Dataset entries:
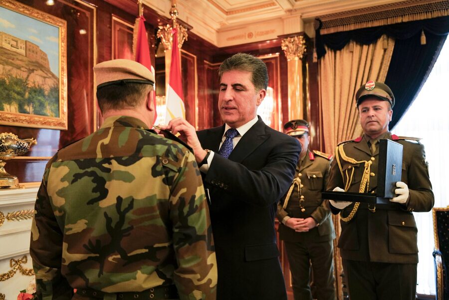 في مراسم جرت اليوم (الأربعاء، 7 شباط 2024) برئاسة إقليم كوردستان، قلد نيجيرفان بارزاني رئيس إقليم كوردستان، خمسة من كبار ضباط وزارة شؤون البيشمركة رتبهم الجديدة بعد توقيعه على قرارات ترقيتهم إلى رتب لواء ركن ولواء.
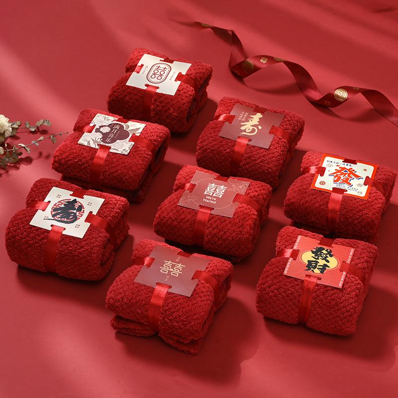 純綿のお土産タオル、結婚式のお祝いショップ、ブライズメイドのホリデー用品、大きな赤いウェディングタオル、お土産ギフト卸売
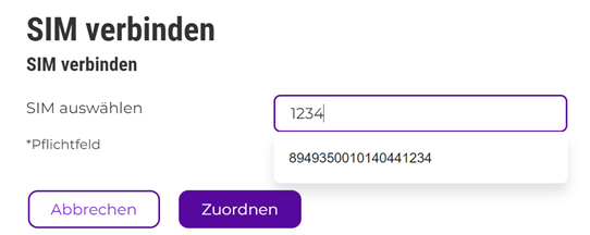Wenn Sie einen Enreach Contact Benutzer mit Mobilfunk bestellt haben und SIM Karte später verknüpfen ausgewählt haben, müssen Sie mit diesem Schritt fortfahren, um die Bestellung zu aktivieren.
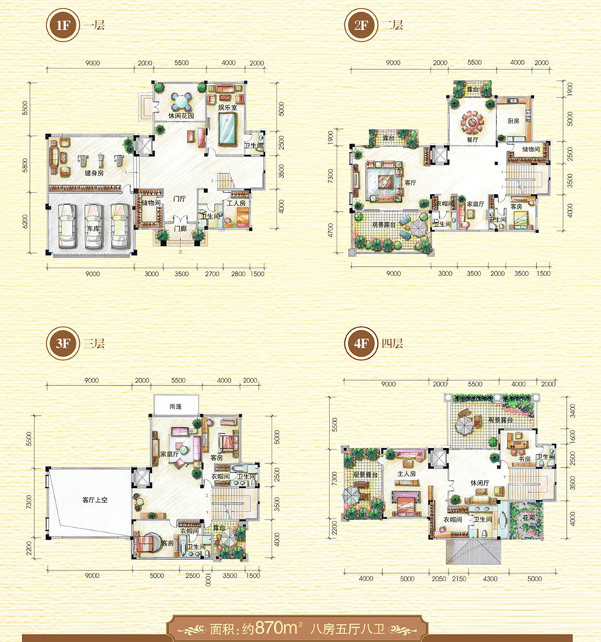 八房五厅八卫-8室5厅8卫0厨建筑面积870.00平米
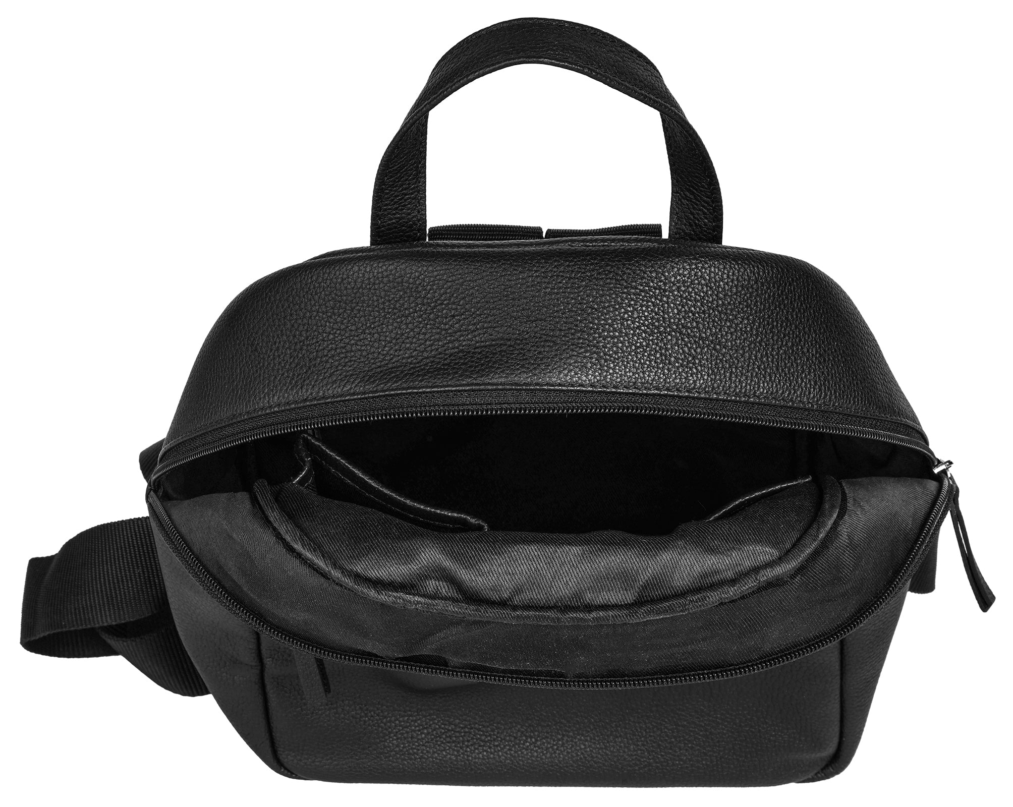 Das praktische Accessoire für Alltag, Freizeit und mehr: der Leder Rucksack von bruno banani! Mit seinem schlichten Design passt er sich optisch an jedes Outfit und jeden Anlass an. Im Hauptfach finden Sie verschiedene Einsteckmöglichkeiten für Essentials wie Smartphone, Schlüssel sowie Portemonnaie und auch eine kleine Wasserflasche, ein Taschenschirm, Terminplaner und mehr finden dort ihren Platz. Vorder- und Rückfach bieten noch mehr Stauraum. Die breiten Träger liegen angenehm auf der Schulter und lassen sich stufenlos verstellen. So genießen Sie mit dem City-Rucksack absolute Bewegungsfreiheit und maximalen Tragekomfort.

Exercise:
Word for word, copy the lines from the one with "八房五厅八卫-8室5厅8卫0厨建筑面积870.00平米" through the end of the entries above, and do not include any picture.

Task output:
 八房五厅八卫-8室5厅8卫0厨建筑面积870.00平米
 Das praktische Accessoire für Alltag, Freizeit und mehr: der Leder Rucksack von bruno banani! Mit seinem schlichten Design passt er sich optisch an jedes Outfit und jeden Anlass an. Im Hauptfach finden Sie verschiedene Einsteckmöglichkeiten für Essentials wie Smartphone, Schlüssel sowie Portemonnaie und auch eine kleine Wasserflasche, ein Taschenschirm, Terminplaner und mehr finden dort ihren Platz. Vorder- und Rückfach bieten noch mehr Stauraum. Die breiten Träger liegen angenehm auf der Schulter und lassen sich stufenlos verstellen. So genießen Sie mit dem City-Rucksack absolute Bewegungsfreiheit und maximalen Tragekomfort.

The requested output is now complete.